Listening to the blacksmith’s iron be forged on the anvil, he noticed that it had a certain musical quality, and upon further inspection, that dependant upon where the anvil hit the iron, there was a consistent note which played as it was made malleable. He later went home and experimented with making the one-string instrument, which became the workshop for his octave discovery and the ensuing cosmology he tried to create from his initial impression at the blacksmith.
“Do you know that our soul is composed of harmony.” Leonardo da Vinci, Notebooks (1451-1519)
“The highest goal of music is to connect one’s soul to their Divine Nature, not entertainment.” Pythagoras (569- 475 BC)

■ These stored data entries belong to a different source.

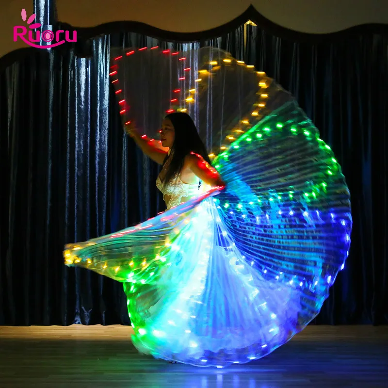Светодиодные Крылья Ruoru для женщин и девушек, светодиодный костюм в виде бабочки для Хэллоуина, Рождества, танца живота, Светодиодные Крылья Исиды с регулируемой палочкой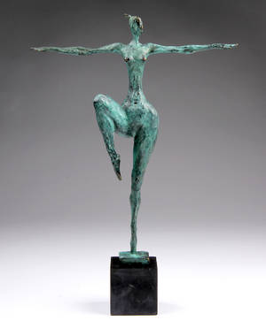 'Nøgen kvinde', figur af grønpatineret bronze stående på sortbroget sokkel. Signeret ?Milo ? i bronzen. H 52, B 35 cm. Vægt 3,5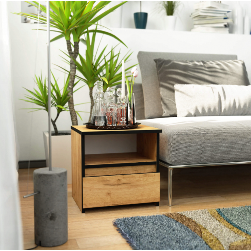 Тумбочка від виробника UkrLoft - це стильне та универсальне рішення для сучасних інтер'єрів у форматі loft. Конструкція виготовлена з міцного металевого каркаса , який забезпечує жорсткість і довговічність, та ДСП толщиною 16 мм , що додає виробу естетики та приємної фактури дерева. Тумба має відкриту нижню поліцю, що зручна для зберігання книг, органайзерів, декору чи повсякденних промов. Верхня плоскість ідеально підходить для лампи, квітки, годинників або чашки кофе. Завдяки лаконічним лініям і мінімалістичному дизайну модель легко вписується в спальню, гостину, офіс або студійний простір. Компактні розміри дозволяють розташувати тумбу біля ліжка чи дивана, а поєднання чорного металу та деревної текстури ДСП створює характерний лофт-настрій. UkrLoft - це фірмова якість виробника UkrLoft , яка поєднує практичність, міцність і сучасний стиль.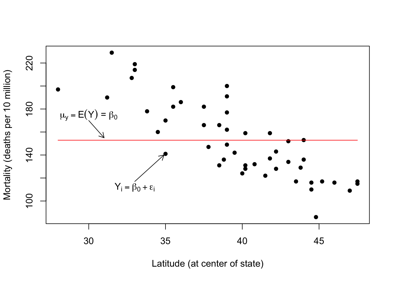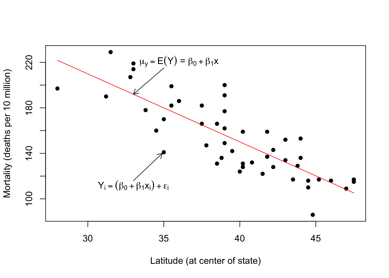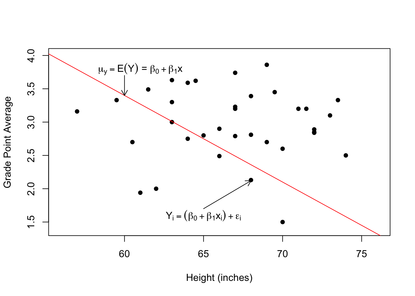 \[y_i=(\beta_0+\beta_1x_{i1})+\epsilon_i\]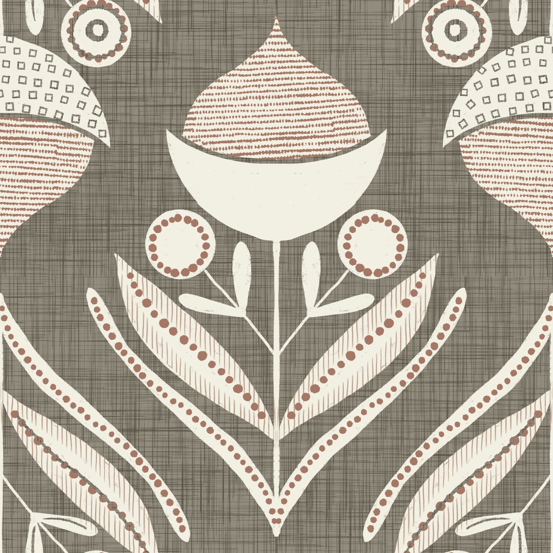 Neutral Bloom Textile Wallpaper offers a serene, odd design.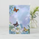 Blue hues with soft vintage blue, white and pink flowers, adorned with vibrant butterflies. Add your own message to personalise.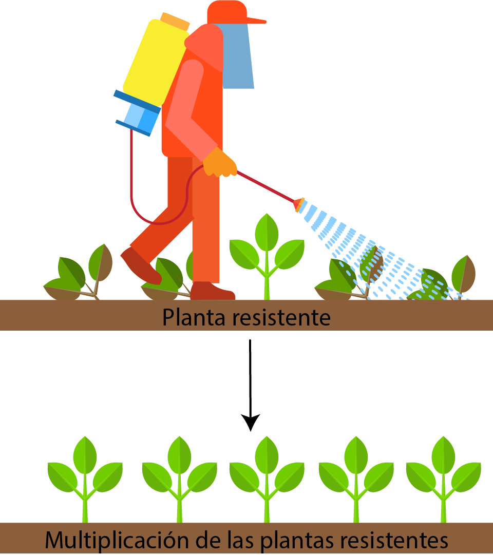 Esquema del proceso de resistencia de las plantas a los herbicidas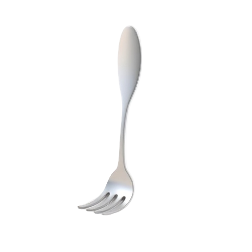 A serving fork is a large dining utensil used to serve food from platters or bowls at the table, typically made of stainless steel.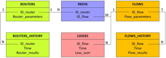 For router and flow parameters, we defined the ROUTERS and FLOWS table. They stored the values of the current step (q, x, p, W, R, l, N) and fixed parameters (C, , , , w, T). The previous steps were collected in the ROUTERS_HISTORY and FLOWS_HISTORY tables. For each flow, the loss values were saved into the LOSSES table. This table acted as a table with current and historical data. The structures of the network were preserved in the PATHS table.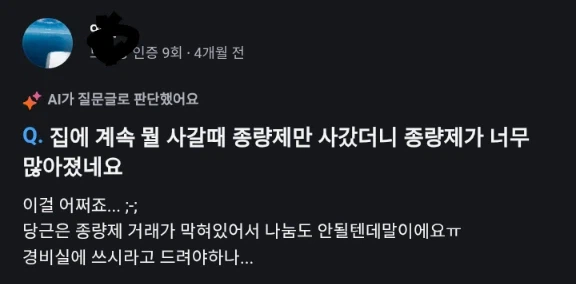 "집에 계속 뭘 사갈때 종량제봉투만 사갔더니 너무 많아졌네요" Anonymous | 2026.03.26 16:34 | 조회 10 https://qquing.net/bbs/board.php?bo_table=humor&wr_id=1868683 주소 복사 이전글 다음글 랜덤 만화 목록 본문 안돼!!!! 추천 0 비추천 0
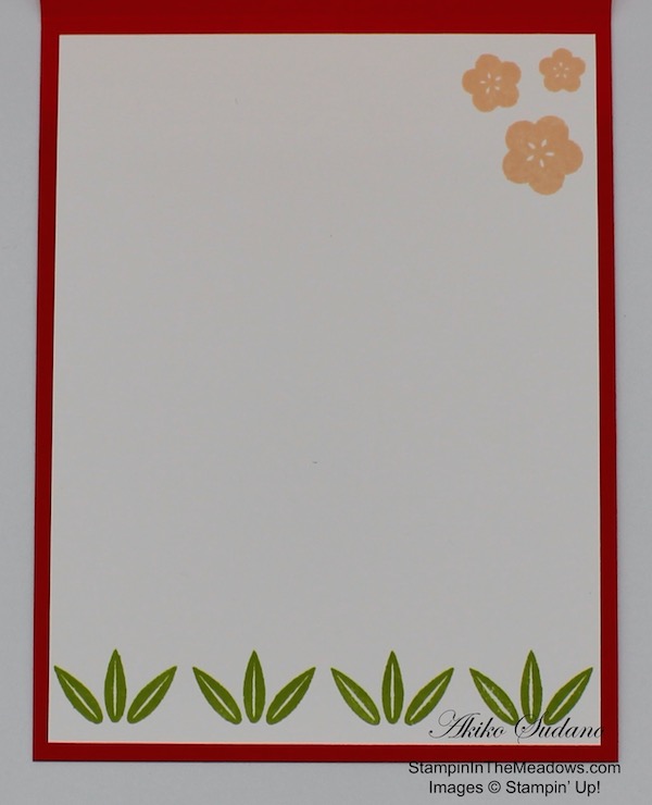 I stamped another row of leaf clusters using Granny Apple Green ink on a Whisper White panel for the inside of the card. I added a cluster of plum flowers in Petal Pink in the upper corner and then adhered it to the inside of the card with snail.

This premise for his entire philosophy and cosmologic portrayal was gleaned not just from the humble observance of a man at work, but also from his study of ancient teachings, which he then recast to Greece, in ‘modern’ terms. He was also the first Westerner to declare that the earth was round instead of flat. Make no mistake, the mathematician was spiritually in-spired. He built an ashram in Kroton, Italy and traveled extensively throughout Asia Minor, Egypt and India. He was inducted into Egyptian mystery schools. He developed a spiritual brotherhood that was vegetarian and devoted to social equality and yogic teachings he learned throughout his travels. He influenced even the likes of Plato with his spiritual take on mathematics and music theory. He was a history-changing figure who defies categorization.
“If you listen to Werner Heisenberg lecturing about Pythagoreanism in his own work on the quantum theory, you will hear him emphasize that the basic building blocks of nature are number and pattern, that the universe is not made out of matter, but music. The historians of science I worked with in the University regarded Pythagoras as a magician, a shamanic madman from the cults of the Near East; yet both Whitehead and Heisenberg regarded him as a genius of highest order who laid the foundation upon which our entire Western civilization is based” – William Irwin Thompson, Darkness and Scattered Light (London: Anchor Press Books, 1978. p. 110.)

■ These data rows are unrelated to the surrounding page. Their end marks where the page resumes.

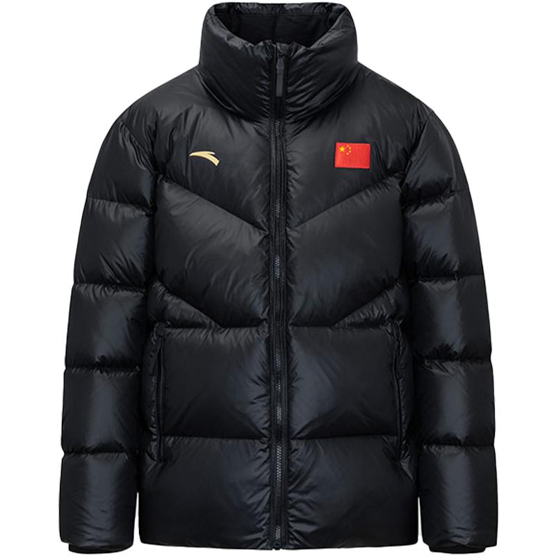 Anta Однотонный спортивный теплый пуховик с воротником-стойкой, женская верхняя одежда, черный цвет 462240106-1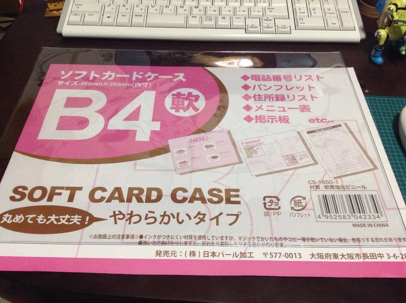 ソフトカードケースを解体して、B4サイズのビニールシートが2枚分取れます。それ1枚で、写真のオビツ用が作れます。ビニールはちょっと余る。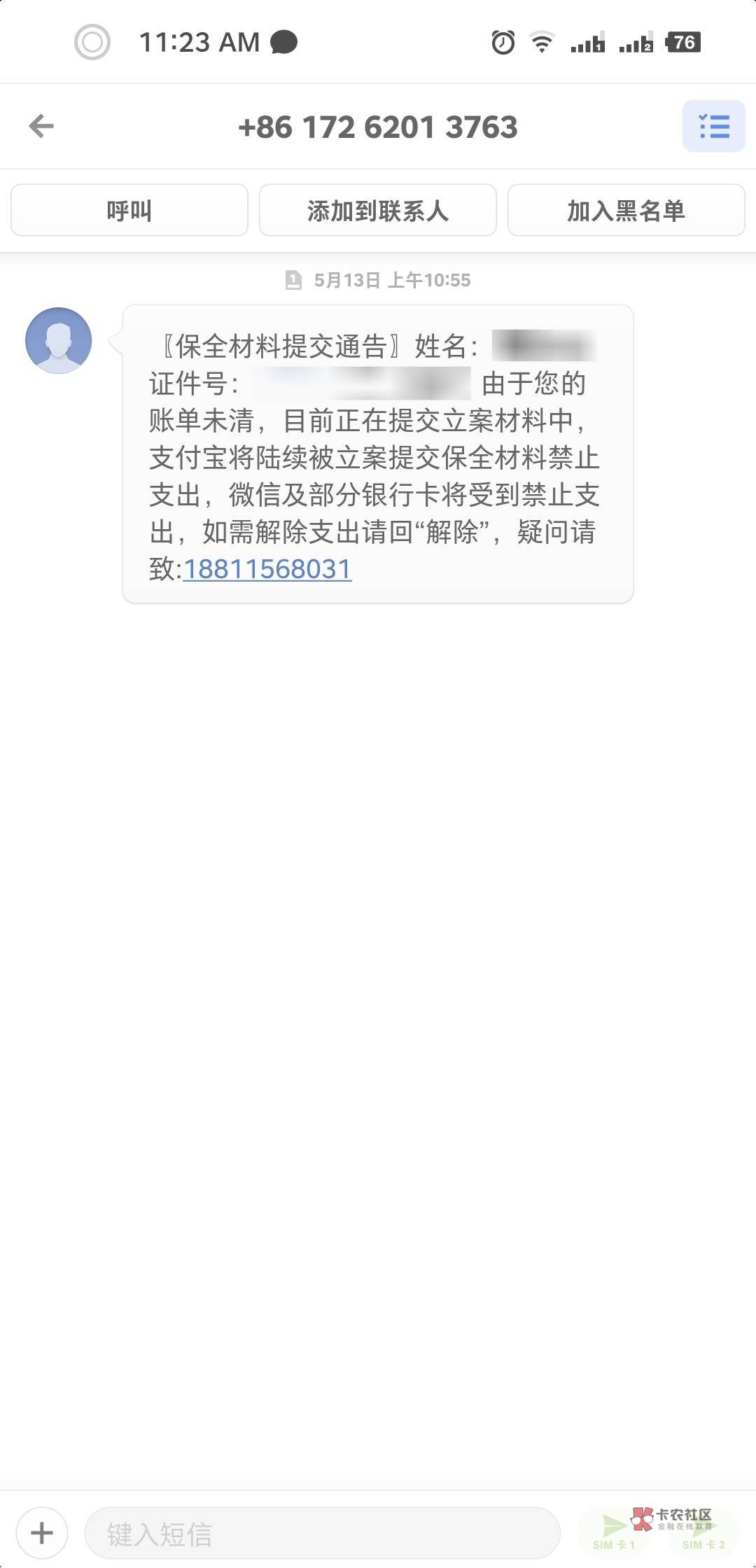 我就怕不通知直接给我冻结了。

Music as a Mathematical Formula
Pythagoras deduced that sound was based on a purely mathematical formula and later insisted that music could heal the non-virtuous thoughts of man, like anger and jealousy. He performed what were called ‘soul-adjustments.’ While many are familiar with the Pythagorean theorems taught in high school math classes, most are never introduced to the visionary’s larger ideas. This Grecian intellectual had more to offer than just equations to memorize for annual exams.
The Pythagorean (or Pythagoras’) Theorem is the statement that the sum of (the areas of) the two small squares equals (the area of) the big one.
In algebraic terms, a² + b² = c² where c is the hypotenuse while a and b are the legs of the triangle.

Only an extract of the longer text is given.